Бернстайн откинулся на спинку стула, в глазах его застыло сложное выражение – он был очень удивлен. Винни ответил мужчине, а тот снова посмотрел на Бернстайна, словно желая получше разобраться в этой странности, но долг звал его в путь, и он пожелал им всяческих успехов и попрощался. Он прошел к двери в кухню и поблагодарил девушку-официантку, добавив, что буханка свежеиспеченного хлеба будет греть ему спину на пути вниз с этой горы, отворил дверь и вышел на ветер, дувший вдоль улицы, и на солнечный свет, помахав им на прощанье рукой, и пошел прочь.
А они, возвращаясь к машине, все продолжали в изумлении обсуждать происшедшее, и Бернстайн еще раз рассказал Винни, каким образом его отец всегда заворачивал пакеты и свертки.

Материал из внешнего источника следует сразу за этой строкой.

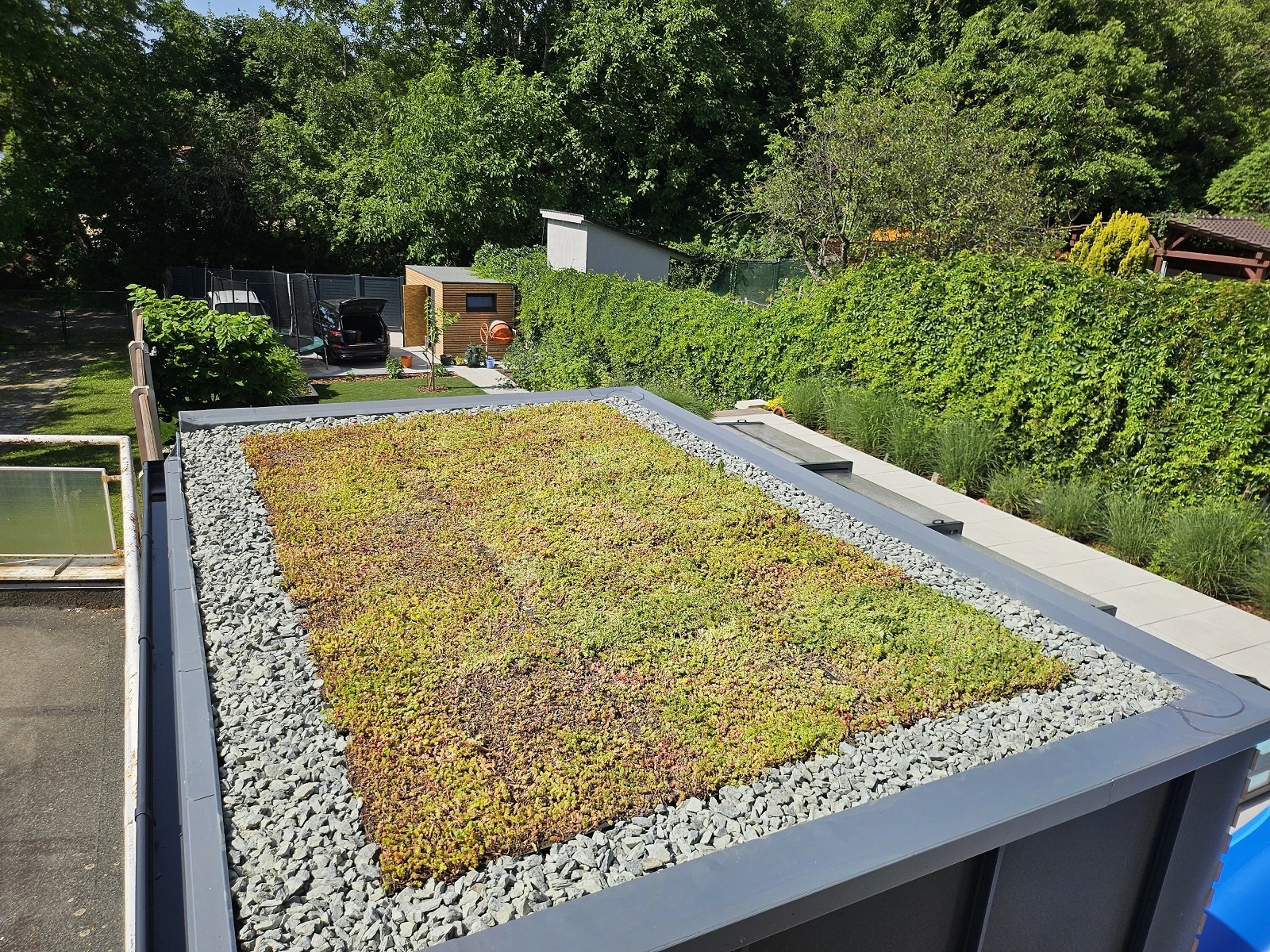 • je príjemná na pohľad aj z domu – majitelia majú z okien domu priamy výhľad na strechu sauny, vďaka zelenej streche tak nevidí technickú konštrukciu, ale prirodzenú súčasť záhrady
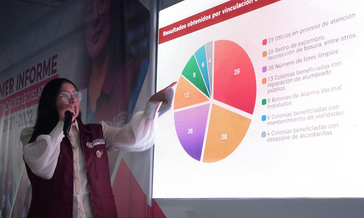 En el trabajo de gestoría individual, destinó 2 millones 897 mil pesos, para atender 468 solicitudes particulares de las y los ciudadanos del distrito IV, en temas principalmente de dignificación de vivienda, proyectos productivos y gastos escolares, atendiendo además como prioridad a personas con discapacidad. Realizó también, 35 asambleas vecinales implementando el ejercicio democrático de presupuesto participativo en cada una, logrando un 61% de avance en los compromisos comunitarios, en los que se incluye rehabilitación de áreas públicas, actividades con la comunidad y apoyos a escuelas y albergues.

– Может, он не знает, что он еврей, но как это он не знает, кто такие евреи и какие они? – задумчиво произнес он.
– Ну а помнишь мою тетушку из Лючеры? – спросил Винни. – Она – школьная учительница, а спрашивала меня, веришь ли ты в Христа. Она вообще ничего про это не знает. Думаю, все они в этих маленьких городках, если даже когда-нибудь и слыхали про евреев, то считают, что это какая-то христианская секта или что-то подобное. Я знавал одного старика итальянца, который считал, что все негры – евреи, а белые евреи – перевертыши, просто сменившие религию.
– Но его фамилия…
– Бенедетто – это и итальянская фамилия тоже. Хотя имя «Мауро» мне никогда не встречалось. «Мауро» – это что-то связанное с тем древним хмырем.
– Но если у него такая фамилия, неужели он никогда не задумывался откуда?..
– Вряд ли. В Нью-Йорке итальянское имя Сальваторе давно превратилось в Сэма; итальянцы вообще большие умельцы изобретать всякие клички, для них имя человека никогда не имеет большого значения. «Виченцо» превращается в «Энцо», или в «Винни», или даже в «Чико». Никто и не станет задумываться, что означает «Мауро» или какое угодно другое имя. Он, видимо, и впрямь еврей, но, я уверен, даже не подозревает об этом. Это ж сразу видно, не так ли? Мы его совсем сбили с толку.
– Господи помилуй, он же потащил домой свежий хлеб – для шаббата! – рассмеялся Бернстайн, широко раскрыв глаза.
Они добрались до машины, и Бернстайн уже положил ладонь на ручку двери, но остановился и не открыл ее, а обернулся к Винни. У него был очень возбужденный вид, даже глаза, казалось, припухли.
– Еще достаточно рано. Если хочешь, можем вернуться в церковь, и ты еще раз попытаешься отыскать этих своих парней.
Винни начал улыбаться, и они одновременно рассмеялись, Винни хлопнул его по спине и обхватил за плечо, словно намереваясь обнять.
– Черт побери, кажется, эта поездка начинает приносить тебе удовольствие!
Они быстрым шагом направились к церкви, и разговор все время возвращался к тому же, и Бернстайн все повторял: «Не понимаю почему, но это не дает мне покоя. Он ведет себя не только как еврей, но даже как ортодоксальный еврей, истинный иудей. И даже не понимает этого – это мне кажется чертовски странным».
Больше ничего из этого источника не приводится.